Rosmann wrote, “They promised support to my face and to others who approached them to support the FRSAN, but when it came time to vote … they did not support appropriating money … Often they claimed it was an unnecessary expenditure which would increase the national debt, while also saying healthy farmers are the most important asset to agricultural production.”

Doesn’t this sound so familiar? Our state governments and Central, paying lip sympathy to cause of farmers, making big promises during pre election times, but using excuses to back once in power.

Suicide rates higher in farmers than in any other vocation
Suicide rates in farmers are the highest of any occupation. That’s an alarming statistic.If you’ve idealized farming as an easy occupation, it’s not. Farming is characterized by high stress, financial pressures, livestock disease, poor harvest, climate change and government policies.

Sudden changes in rates of import or export duty can devastate farmers.

High stress combined with frustration can lead to depression.

Farmers suicide is a global phenomenon
According to a study done by ICN, outside India, studies in Sri Lanka, USA, Canada, England and Australia have identified farming as a high stress profession that is associated with a higher suicide rate than the general population.This is particularly true among small scale farmers and after periods of economic distress.

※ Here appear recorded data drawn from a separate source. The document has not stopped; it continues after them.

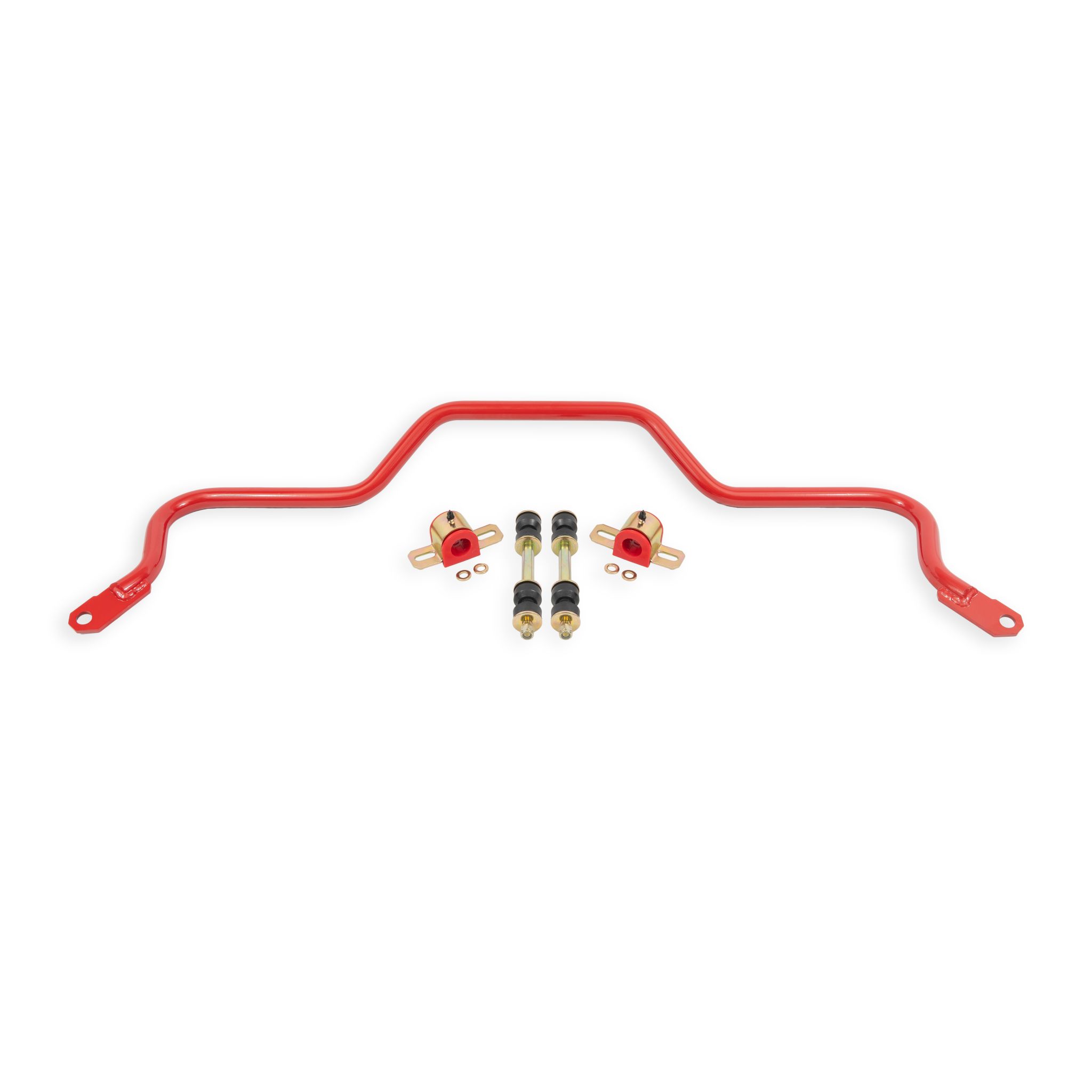The two primary functions of sway bars are to control body roll and to determine the understeer or oversteer behavior of a vehicle. Stock sway bars have low torsional spring rates because they are manufactured from small diameter bar stock or tubing. BMR Suspensions SB003 rear sway bar was designed by factoring in the vehicle weight, application, motion ratio, coil spring rate, and adjustability requirements. Manufactured from heavy-wall 25mm DOM tubing, the SB003 is cold formed to better resist torsional fatigue and retain its "memory" far longer than the hot-formed bars used by many competitors. The sway bar is CNC-formed for exact manufacturing tolerances and repeatable high quality. The SB003 attaches to your Camaro with 88-durometer polyurethane bushings, reducing the deflection from the stock rubber bushings. These bushings are molded from 88-durometer, low-deflection, polyurethane, and are internally fluted to keeps grease in the bushing. The fabricated laser cut, TIG-welded steel sway bar end links are reinforced to minimize deflection. BMR Suspension designed the SB003 sway bar for street performance, drag race, autocross, and road race applications. The SB003 gives you a 149% increase in rate over the stock bar (depending on year and model). These rate increases allow you to fine-tune the handling characteristics of the suspension so you can drive harder through corners with minimal body roll. The hollow design allows for loads of strength without adding a lot of weight. This allows for more sway bar control, which equals better handling. When performance is a must, rely on BMR Suspension! BMR Suspensions SB003 sway bars are available in black hammertone and red powdercoat for long-lasting good looks. Installation time is about 1-2 hours. Proudly made in the U.S.A.! All kits come with polyurethane mounting bushings and endlink kits.
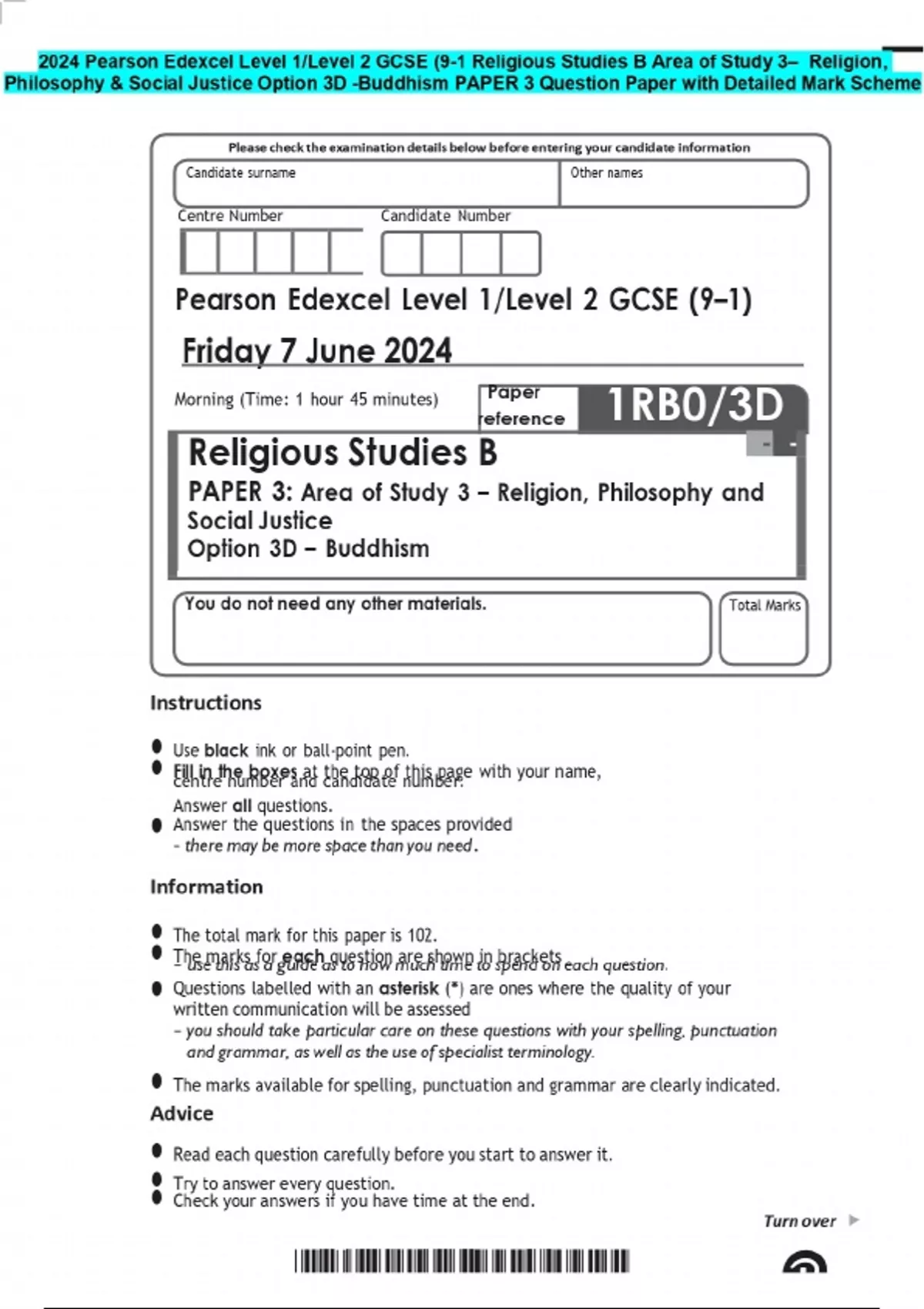 2024 Pearson Edexcel Level 1/Level 2 GCSE (9-1 Religious Studies B Area of Study 3– Religion, Philosophy & Social Justice Option 3D -Buddhism PAPER 3 Question Paper with Detailed Mark Scheme
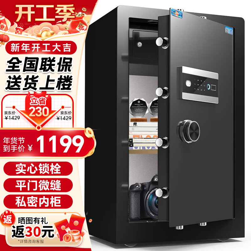 虎牌保险柜家用办公小型指纹密码保险箱全钢防盗床头保密柜财务专用保管箱博雅系列黑色80cm价格:1359.00元!

In China, farmers are killing themselves daily to protest the government taking over their prime agricultural lands for urbanization.

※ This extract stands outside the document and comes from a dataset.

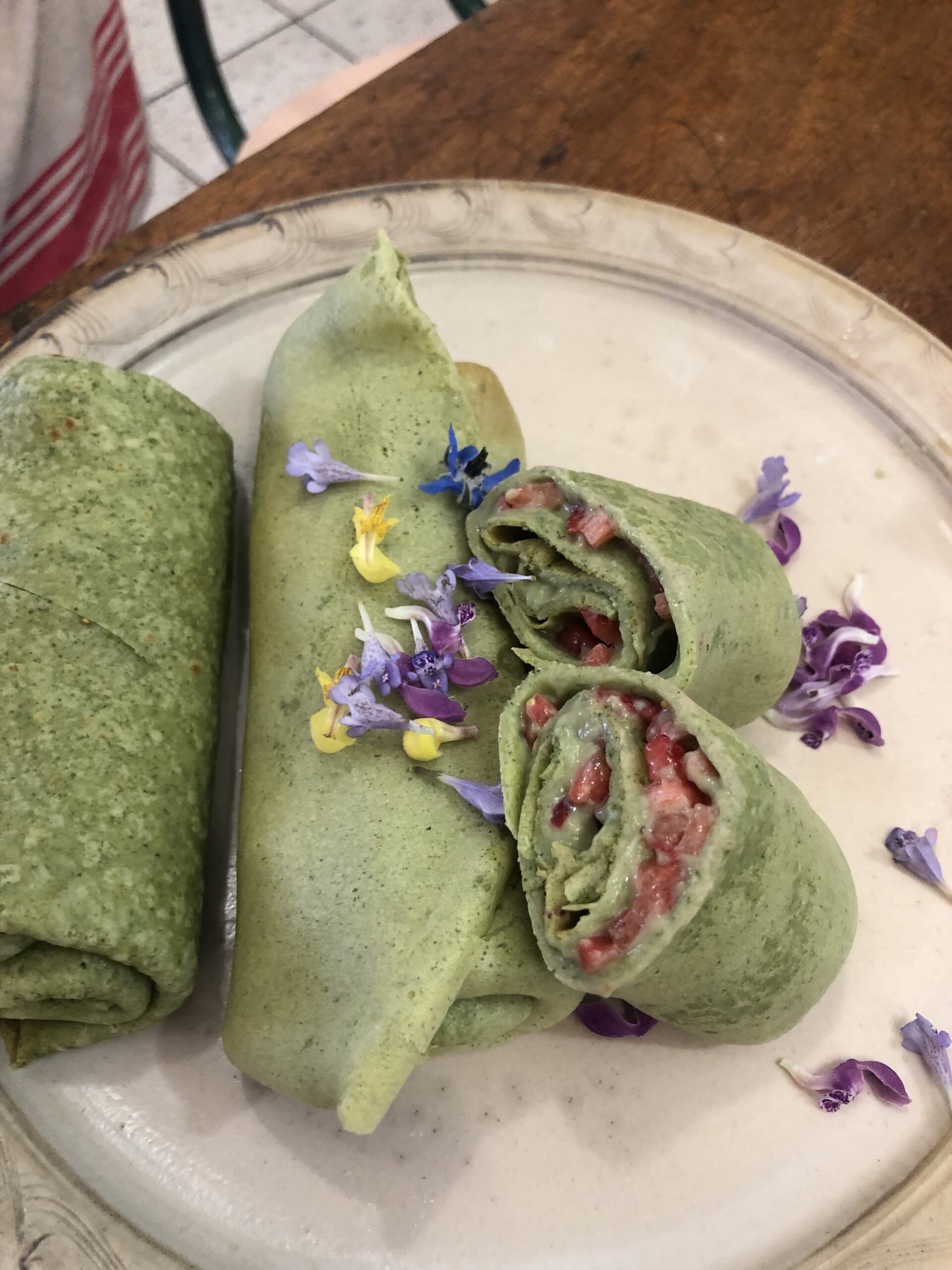 Pendant 1h30, nous cuisinons ensemble. Je vous présente les plantes que nous allons utiliser, leurs caractéristiques, comment les reconnaître et les cueillir. Puis nous réalisons une recette principale (une salée le matin, une autre sucrée l’après-midi) accompagnée de petites préparations bonus. On déguste tout sur place.

In France, a farmer dies by suicide every two days. Australia reports one farmer suicides every four days.Canadian farmers have to pay into unemployment insurance but usually don’t qualify for the benefit when they become unemployed.

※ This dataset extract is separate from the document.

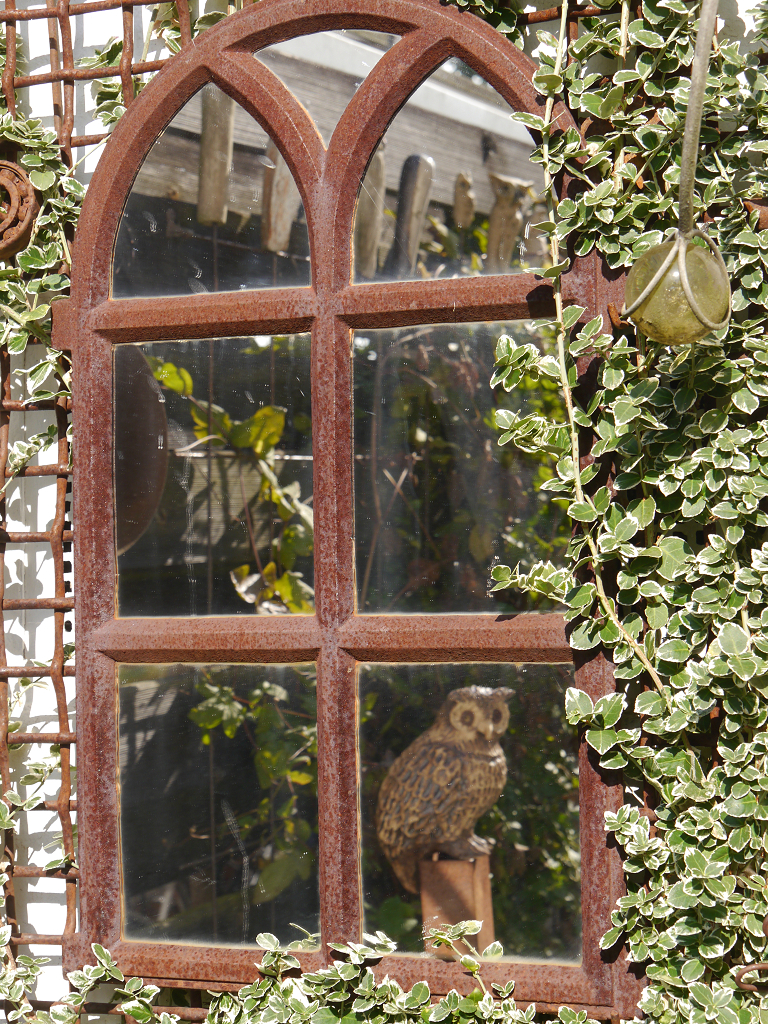 Auf der rechten und linken Seite des Hauses gibt es Einbuchtungen, eine führt zur Garage, die andere zur Grundstücks-Grenze. Mit viel Phantasie hat Martina dafür gesorgt, dass das keineswegs ein toter Winkel ist. Ein Spiegel vergrößert optisch den Raum, hellt auf und vermehrt spiegelbildlich die Eulen. Vielleicht fragt diese auch nur: “Spieglein, Spieglein an der Wand, wer ist die schönste Eule im Land?”
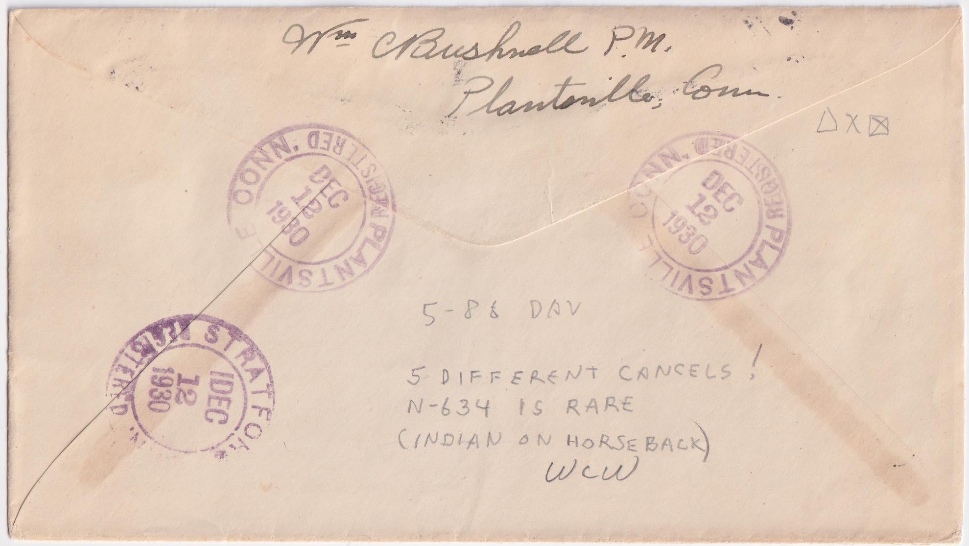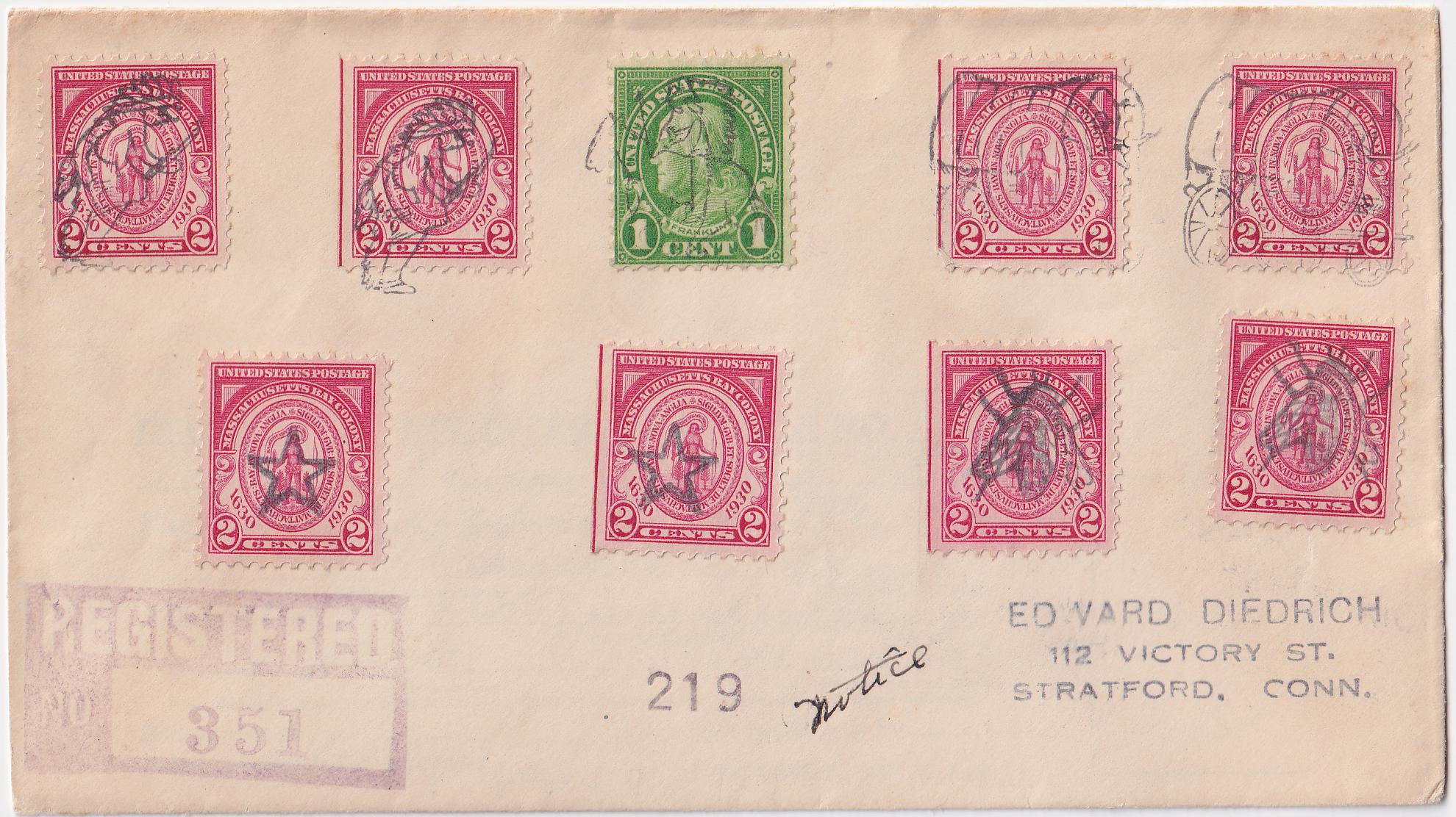 US Plantsville, Connecticut 1930 VF Registered cover from Plantsville CT to Stratford, CT with 9 fancy cancels in black! All very clear strikes.

Hundreds of French farmers take their own lives each year. The results are devastating, often leaving a family without its breadwinner, in debt and with a farm to maintain.

So why do farmers world over continue farming?
In a survey done in India by the Centre for Study of Developing Societies (CSDS), based in Delh about 70% of farmers interviewed said they would like ‘ to do something else’ even if it meant moving to cities.

Many farmers continue farming because they don’t know what else to do.

But there is a deep underlying psychological reason too.

Farmers have a deep attachment to their lands and to the act of farming. It is not a profession or a vocation – it is a calling

During hot summers, a farmer and his family will impatiently wait for signs of monsoons. And just like monsoons have to follow summers, once the land is drenched and saturated with rain water, a farmer HAS TO begin that year’s Kharif’s season by sowing seeds of the crop he has planned for that season.

The choice is what to go in for – cotton, paddy, soyabean or chilly? The choice is NEVER – should I sow or not?

We may not feel any obligation to the farmer but he feels impelled to feed us, clothe us and nourish us, whether we deserve it or not!

As an American farmer explains “People engaged in farming, have a strong urge to supply essentials for human life, such as food and materials for clothing, shelter and fuel, and to hang on to their land and other resources needed to produce these goods at all costs.”

When farmers can’t fulfill this instinctual purpose, they feel despair. Thus, within the theory lies an important paradox: the drive that makes a farmer successful is the same that exacerbates failure, sometimes to the point of suicide. Thus the agrarian imperative theory “is a plausible explanation of the motivations of farmers to be agricultural producers and to sometimes end their lives”.

Almost a hundred time more farmers have lost their lives – taken their own lives – than soldiers killed on the battle field, or fighting insurgency.

How many get a state funeral or have their bodies covered with the colours of the national flag??